Interpretive Summary:

Technical Abstract: Near-term consumption of groundwater for irrigated agriculture in the High Plains Aquifer supports a dynamic bio-socio-economic system, all parts of which will be impacted by a future transition to sustainable usage that matches natural recharge rates. Plants are the foundation of this system and so generic plant models suitable for coupling to representations of other component processes (hydrologic, economic, etc.) are key elements of needed stakeholder decision support systems.
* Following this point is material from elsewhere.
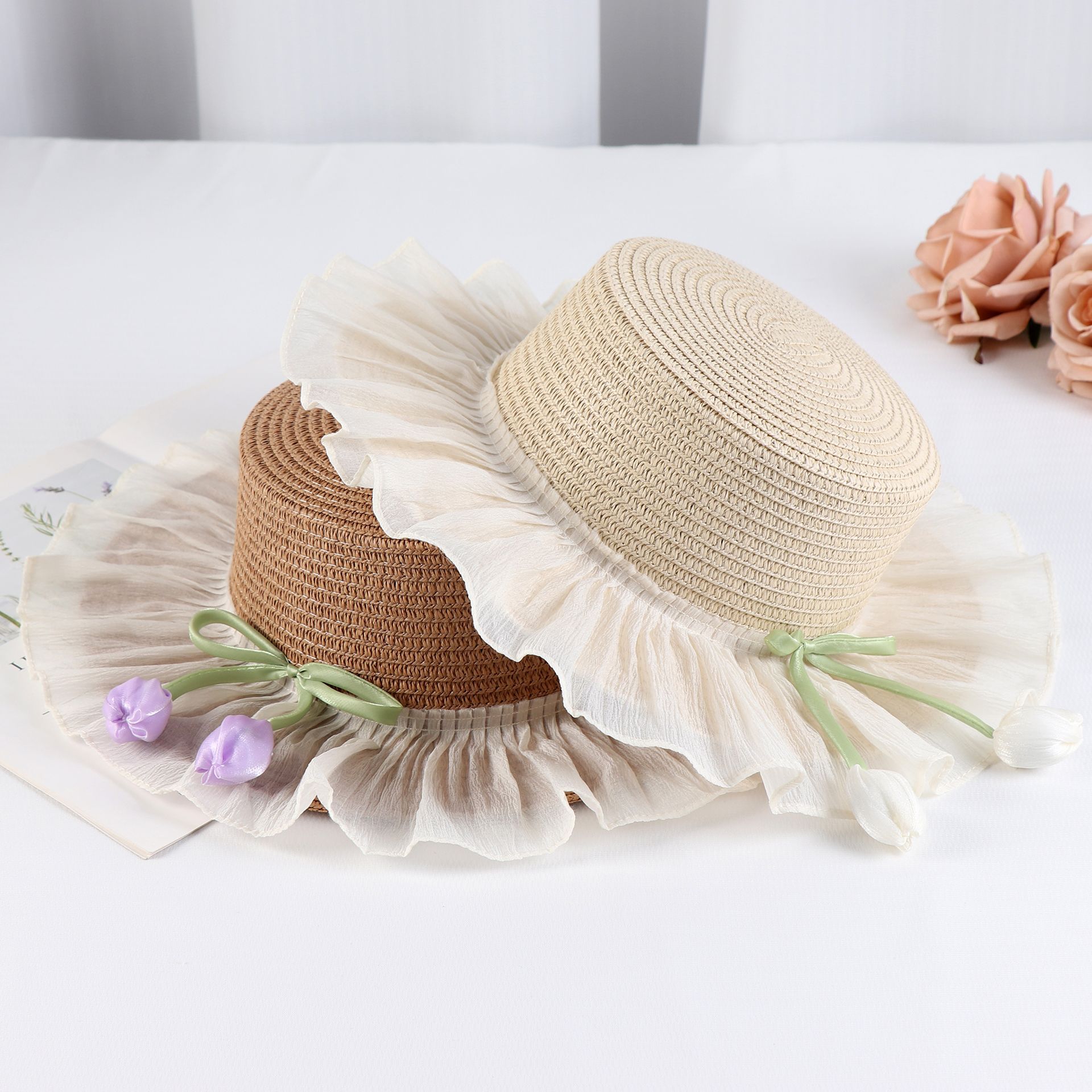 卸売韓国スタイルの新しい夏の麦わら帽子女性の日焼け止めフラットトップ帽子旅行ファッションメッシュプリンセススタイル帽子トレンド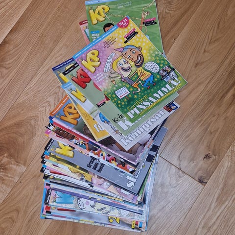 KP Kamratposten tidningar i ett blandat parti med flera olika nummer. Magasinen är rikt illustrerade och vänder sig till barn och unga med innehåll som serier, reportage, fakta och pyssel. Lämpliga för läsning, samling eller som material i skola och fritidsverksamhet. Jag har ungefär 32 tidningar. Från år 2020 nummer 15 till 2020 numemr 19-20, 2021 nummer 1 till 16 (12 finns ej), 2023 nummer 1 till 19-20 ( nummer 10, 13, 14, 15, 16, 17 finns ej) 2024 nummer 1 till 8 (2, 7 finns ej). Kan diskutera pris. Kan postas, köparen står för frakt.

This study explores utilization of the Environmental Policy Integrated Climate (EPIC) model to serve in this role. Calibration required many facilities of a fully deployed decision support system: geo-referenced databases of crop (corn, sorghum, alfalfa, and soybean), soil, weather, and water-use data (4931 well-years), interfacing heterogeneous software components, and massively parallel processing (3.8×10**9 model runs). Bootstrap probability distributions for ten model parameters were obtained for each crop by entropy maximization via the genetic algorithm. The relative errors in yield and water estimates based on the parameters are analyzed by crop, the level of aggregation (county- or well-level), and the degree of independence between the data set used for estimation and the data being predicted.